One should be able to do the following with pandas.Interval
The example uses numeric intervals, but the same operations are also valid for time series intervals.
# following proposed operations and suggested behaviour:
import pandas as pd
i0 = pd.Interval(0, 3, closed='right')
i1 = pd.Interval(2, 4, closed='right')
i2 = pd.Interval(5, 8, closed='right')
# 1. intersection
i0.intersection(i1)
# should return: pd.Interval(2, 3, closed='right')
i0.intersection(i3)
# should return: np.nan (or, perhaps a more appropriate null-interval representation)
# 2. union
i0.union(i1)
# should return: pd.IntervalIndex([pd.Interval(0, 4, closed='right')])
i0.union(i2)
# should return: pd.IntervalIndex([pd.Interval(0, 2, closed='right'), pd.Interval(5,8, closed='right')])
3. overlaps
i0.overlaps(i1)
# should return: True
i0.overlaps(i2)
# should return: False
3. difference
i0.difference(i1)
# should return: pd.Interval(0, 2, closed='right')
i0.difference(i2)
# should return: pd.interval(0, 3, closed='right')
Comment From: jschendel
xref #19480
This is reasonable, though some care is needed if these operations are to work between intervals with mixed closed
. My initial inclination was to simply not allow mixed closed
operations, but they seem generally well defined after thinking about it.
For example, the following seems reasonable:
In [2]: i0 = pd.Interval(0, 2, closed='both')
In [3]: i1 = pd.Interval(1, 3, closed='neither')
In [4]: i0.intersection(i1)
Out[4]: Interval(1, 2, closed='right')
The only thing that immediately comes to mind as problematic is union
. Mixed closed
should be fine if the intervals are overlapping.
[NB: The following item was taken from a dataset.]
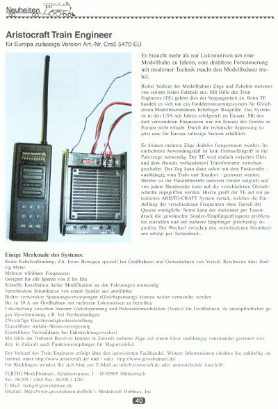 Bericht in der Gartenbahn 3 / 2001 über den von uns angebotenen und für Europa zullässigen TrainEngineer (inkl. deutscher Anleitung);
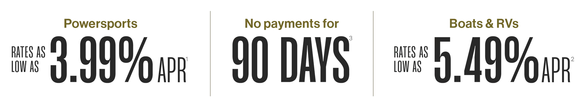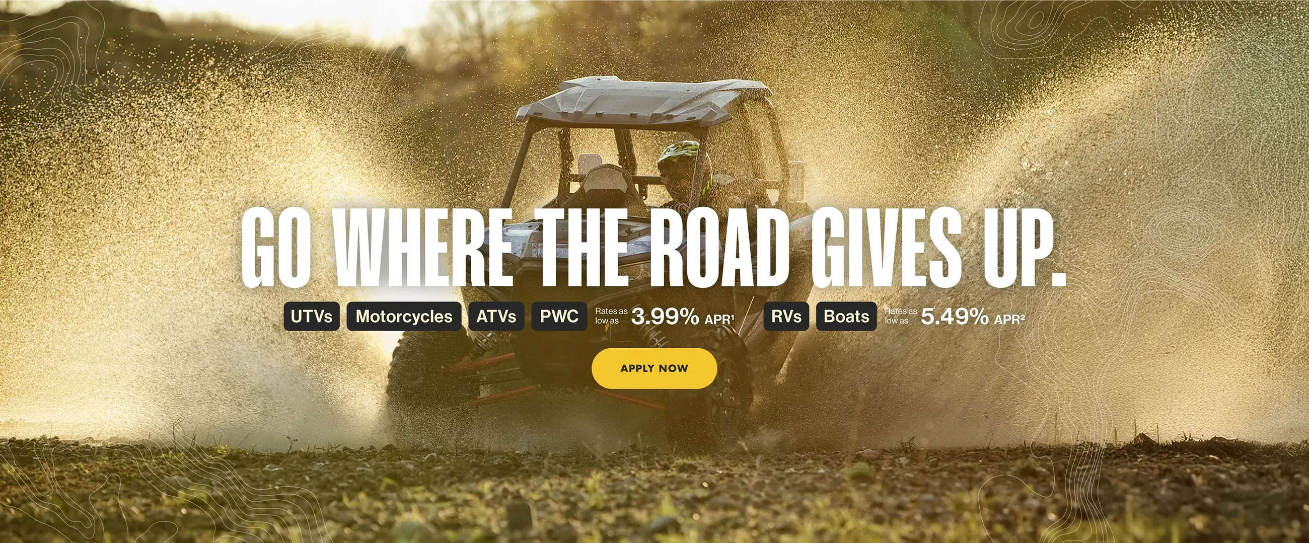 RATES AS LOW AS 3.99% APR¹Dirt, gravel, snow, sand—wherever the trail points, powersports are about getting off the beaten path. Our Powersports Loans are designed to keep your payment as agile as your ride, with competitive rates and flexible terms that make it easier to say yes when adventure calls.

For example, using the intervals defined above, the following seems reasonable:
In [5]: i0.union(i1)
Out[5]: Interval(0, 3, closed='left')
Non-overlapping intervals with the same closed
should also be fine, though I'd like to note that my preference would be to return an IntervalArray
(newly implemented, slated for 0.24.0) instead of an IntervalIndex
:
In [6]: i2 = pd.Interval(8, 10, closed='both')
In [7]: i0.union(i2)
Out[7]:
IntervalArray([[0, 2], [8, 10]],
closed='both',
dtype='interval[int64]')
The problematic case for union
is when you have mixed closed
intervals that are non-overlapping. We can't use IntervalArray
(or IntervalIndex
) in that case, as they require all intervals to be closed on the same side. The options would be to either raise an error, or return a numpy object dtype array:
In [8]: i3 = pd.Interval(8, 10, closed='neither')
In [9]: i0.union(i3)
Out[9]: array([Interval(0, 2, closed='both'), Interval(8, 10, closed='neither')], dtype=object)
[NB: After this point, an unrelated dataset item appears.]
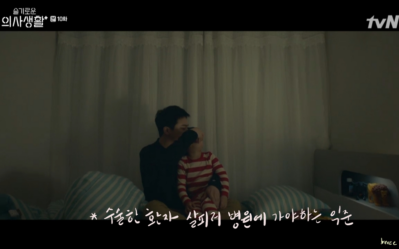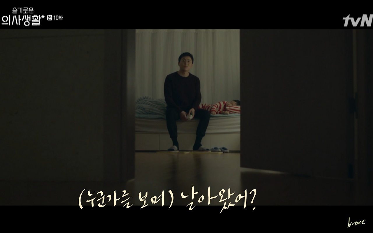 송화는 자연스레 우주의 상태를 얘기한다. 새벽에 아이의 열을 내리기 위해 엄마에게 전화해 방법을 물어봤다는 송화의 얘기에 익준은 미안해한다. 하지만 그 모습이 꼭 부부의 모습과 같아 보여 괜스레 미소를 지었다
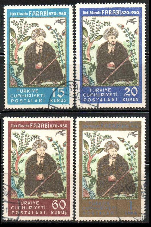 FARABİ'NİN ÖLÜMÜNÜN 1000. YILDÖNÜMÜ TÜM PULLAR DAMGALIDIR. BASIM TARİHİ: 1 ARALIK 1950 İSFİLA 2024 KATALOK FİYATI: 350,00 LİRA

I'm not sure if an object dtype array actually provides an utility here, and seems a bit unnatural, so I'd lean towards raising. Could be convinced otherwise if anyone has a practical use for it though.
Comment From: jschendel
Actually, I think difference
could also be similarly problematic, even when both intervals are closed on the same side. Specifically, I'd expect problematic behavior to occur with nested intervals:
In [2]: i0 = pd.Interval(0, 3, closed='both')
In [3]: i1 = pd.Interval(1, 2, closed='both')
In [4]: i0.difference(i1)
Out[4]: array([Interval(0, 1, closed='left'), Interval(2, 3, closed='right')], dtype=object)
But with mixed closed
you could actually get a valid IntervalArray
:
In [5]: i2 = pd.Interval(1, 2, closed='neither')
In [6]: i0.difference(i2)
Out[6]:
IntervalArray([[0, 1], [2, 3]],
closed='both',
dtype='interval[int64]')
So not really sure if difference
should be supported, as it can become a bit confusing from a user perspective to keep track of what is valid and what isn't (i.e. what returns an IntervalArray
vs. what raises/returns an object dtype array).
Comment From: haleemur
@jschendel you are correct in the above observations. The complexity in my proposal derives from trying to return multiple intervals in either IntervalIndex
or IntervalRange
with mixed boundary types.
I looked into the behaviour of postgresql's range types, and perhaps we can model these operations similarly. Postgresql avoids the mixed boundary type problem by only returning a single value (boolean or single-continuous-interval) as result.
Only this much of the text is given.